To enhance robotics application in agriculture, it is important to secure access and diversify the supply of those materials. Going forward, actions are needed regarding the robotics supply chains such as:
- Incentivizing the adoption of sustainability software by extractive industry
- Diversify the material supply
- Support the eco-design of robotics products through recycling and reuse, substitution
- Promote R&D, develop skills and competences
- Unlocking technology transfer and investment opportunity in third countries in order to promote secondary sources of CRMs.
dnpatrice2001
In economics, demand is the quantity of a good that consumers are willing and able to purchase at various prices during a given period of time. The demand functions are derived mathematically through utility maximization (Lagrange method) and theoritical properties of demand systems. However, the demand function lacks robustness because human actors often make sequences of choices that are incompatible with any consistent utility function. The standard demand function fails to consider the underlying factors of purchasing decisions and therefore does not represent consumers' behavior in a real economy. The purchase decision-making process and the interactions among consumers based on this process generate market dynamics which are not handled by the standard demand functions. Those shortcomings prevent the global food demand to match more precisely with the supply and therefore increase food waste and the related environmental and social impacts. The transition from standard towards real demand functions requires modelling the purchase decision-making of each consumer. This issue involves research in the fields of psychologue, economics, sociologue and marketing, which is in line with the research of the agent-based computational simulation of complexe social systems. The combined use of the Agent-Based Models (ABM) and Multi-Agent Simulation (MAS) method in studying consumer behavior and markets gives one the potential to cope with the dynamic changes and complexities in the real-world business environment. By creating a large number of heterogeneous consumer agents in an artificial market, multi-agent simulation (MAS) can be used to exhibit a market dynamic phenomenon originating from the individual behavior of heterogeneous consumers and their interactions in the real-world complexe market.

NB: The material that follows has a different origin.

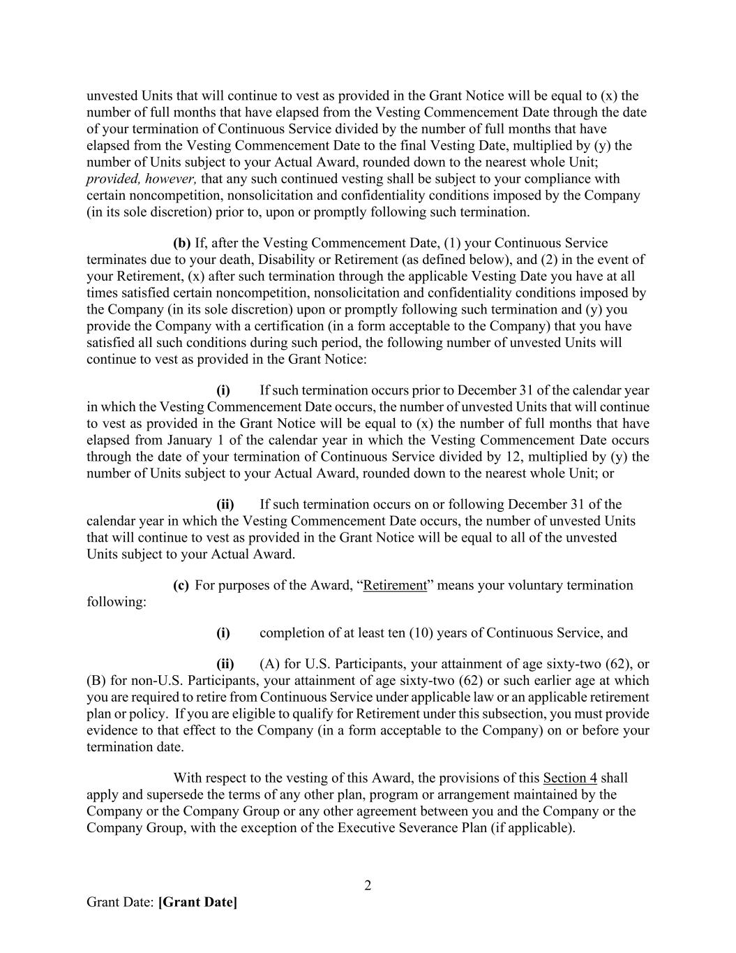2 Grant Date: [Grant Date] unvested Units that will continue to vest as provided in the Grant Notice will be equal to (x) the number of full months that have elapsed from the Vesting Commencement Date through the date of your termination of Continuous Service divided by the number of full months that have elapsed from the Vesting Commencement Date to the final Vesting Date, multiplied by (y) the number of Units subject to your Actual Award, rounded down to the nearest whole Unit; provided, however, that any such continued vesting shall be subject to your compliance with certain noncompetition, nonsolicitation and confidentiality conditions imposed by the Company (in its sole discretion) prior to, upon or promptly following such termination. (b) If, after the Vesting Commencement Date, (1) your Continuous Service terminates due to your death, Disability or Retirement (as defined below), and (2) in the event of your Retirement, (x) after such termination through the applicable Vesting Date you have at all times satisfied certain noncompetition, nonsolicitation and confidentiality conditions imposed by the Company (in its sole discretion) upon or promptly following such termination and (y) you provide the Company with a certification (in a form acceptable to the Company) that you have satisfied all such conditions during such period, the following number of unvested Units will continue to vest as provided in the Grant Notice: (i) If such termination occurs prior to December 31 of the calendar year in which the Vesting Commencement Date occurs, the number of unvested Units that will continue to vest as provided in the Grant Notice will be equal to (x) the number of full months that have elapsed from January 1 of the calendar year in which the Vesting Commencement Date occurs through the date of your termination of Continuous Service divided by 12, multiplied by (y) the number of Units subject to your Actual Award, rounded down to the nearest whole Unit; or (ii) If such termination occurs on or following December 31 of the calendar year in which the Vesting Commencement Date occurs, the number of unvested Units that will continue to vest as provided in the Grant Notice will be equal to all of the unvested Units subject to your Actual Award. (c) For purposes of the Award, “Retirement” means your voluntary termination following: (i) completion of at least ten (10) years of Continuous Service, and (ii) (A) for U.S. Participants, your attainment of age sixty-two (62), or (B) for non-U.S. Participants, your attainment of age sixty-two (62) or such earlier age at which you are required to retire from Continuous Service under applicable law or an applicable retirement plan or policy. If you are eligible to qualify for Retirement under this subsection, you must provide evidence to that effect to the Company (in a form acceptable to the Company) on or before your termination date. With respect to the vesting of this Award, the provisions of this Section 4 shall apply and supersede the terms of any other plan, program or arrangement maintained by the Company or the Company Group or any other agreement between you and the Company or the Company Group, with the exception of the Executive Severance Plan (if applicable).

The strategy is to create a virtual market by using a large number of artificial consumer agents to simulate the emerging market dynamics. The algorithm controls these agents' buying behaviors. The validation of the effectiveness of the agent-based purchase provides the potential to explore and predict dynamic market variations, e.g. fluctuations in market shares, the influence of economic gouvernement policies, technomogical innovations, and market's responses to expected or unexpected events.